Organising Bioinformatics Projects#

Learning Objectives#

By the end of this session, you will be able to:

  1. Design a logical directory structure for bioinformatics projects

  2. Apply consistent naming conventions for files and samples

  3. Document your analysis workflow effectively

  4. Implement version control basics with Git

  5. Create reproducible analysis environments

1. Why Organisation Matters#

Poor project organisation leads to:

  • Lost or overwritten data

  • Inability to reproduce results

  • Wasted time searching for files

  • Confusion when collaborating

  • Difficulty publishing or sharing work

The Reproducibility Crisis#

Studies show that a significant portion of published bioinformatics analyses cannot be reproduced, even by the original authors. Good organisation is the foundation of reproducible research.

Principles of Good Organisation#

  1. Separation: Keep raw data, code, and results separate

  2. Documentation: Record what you did and why

  3. Consistency: Use the same structure across projects

  4. Automation: Reduce manual steps that introduce errors

  5. Version control: Track changes to code and documents

2. Standard Directory Structure#

Setting Up a New Project#

# Create project structure in one command
mkdir -p my_project/{config,data/{raw/fastq,reference,processed/{trimmed,aligned}},scripts/utils,envs,results/{figures,tables,reports},docs,notebooks}

# Create essential files
touch my_project/README.md
touch my_project/config/samples.tsv
touch my_project/docs/analysis_log.md

# View the structure
tree my_project/

3. Protecting Raw Data#

Raw data is sacred.
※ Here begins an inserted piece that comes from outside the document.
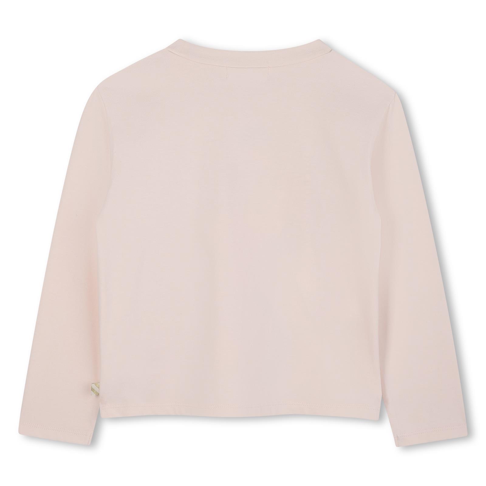 Dívčí tričko Billieblush z bavlny s dlouhým rukávem a potiskem. Stylové dívčí tričko Billieblush je vyrobené ze 100% měkké bavlny, která zajistí maximální pohodlí při nošení. Tričko má kulatý výstřih, dlouhé rukávy a volnější komfortní střih, který je ideální pro každodenní outfit.Přední stranu zdobí originální ilustrace potištěná lesklým inkoustem, která dodává tričku hravý a moderní vzhled. Kvalitní zpracování a ikonický štítek Billieblush podtrhují prémiový charakter tohoto kousku.

Once modified, you may never be able to get it back.

Golden Rules for Raw Data#

  1. Never modify raw files - always work on copies

  2. Store checksums - verify data integrity

  3. Make read-only - prevent accidental changes

  4. Back up - store copies in multiple locations

Implementing Data Protection#

# Generate checksums for all raw FASTQ files
cd data/raw/fastq/
md5sum *.fastq.gz > checksums.md5

# Verify checksums later
md5sum -c checksums.md5

# Make raw data read-only
chmod -R a-w data/raw/

# If you need to add more raw data later
chmod u+w data/raw/
# ... add files ...
chmod -R a-w data/raw/

Sample Checksum File#

# checksums.md5
a1b2c3d4e5f6g7h8i9j0k1l2m3n4o5p6  sample_001_R1.fastq.gz
b2c3d4e5f6g7h8i9j0k1l2m3n4o5p6q7  sample_001_R2.fastq.gz
c3d4e5f6g7h8i9j0k1l2m3n4o5p6q7r8  sample_002_R1.fastq.gz
d4e5f6g7h8i9j0k1l2m3n4o5p6q7r8s9  sample_002_R2.fastq.gz

4. File Naming Conventions#

Good file names are descriptive, consistent, and machine-readable.

Naming Guidelines#

Rule

Bad Example

Good Example

No spaces

sample 1.fastq

sample_001.fastq

No special characters

sample#1.fastq

sample_001.fastq

Use underscores or hyphens

sampleone.fastq

sample_001.fastq

Include leading zeros

sample_1.fastq

sample_001.fastq

Use ISO dates

sample_15-1-24.fastq

sample_2024-01-15.fastq

Be descriptive

data.bam

sheep_liver_001_aligned.bam

5. Sample Metadata Management#

A well-organised sample sheet is essential for tracking samples through analysis.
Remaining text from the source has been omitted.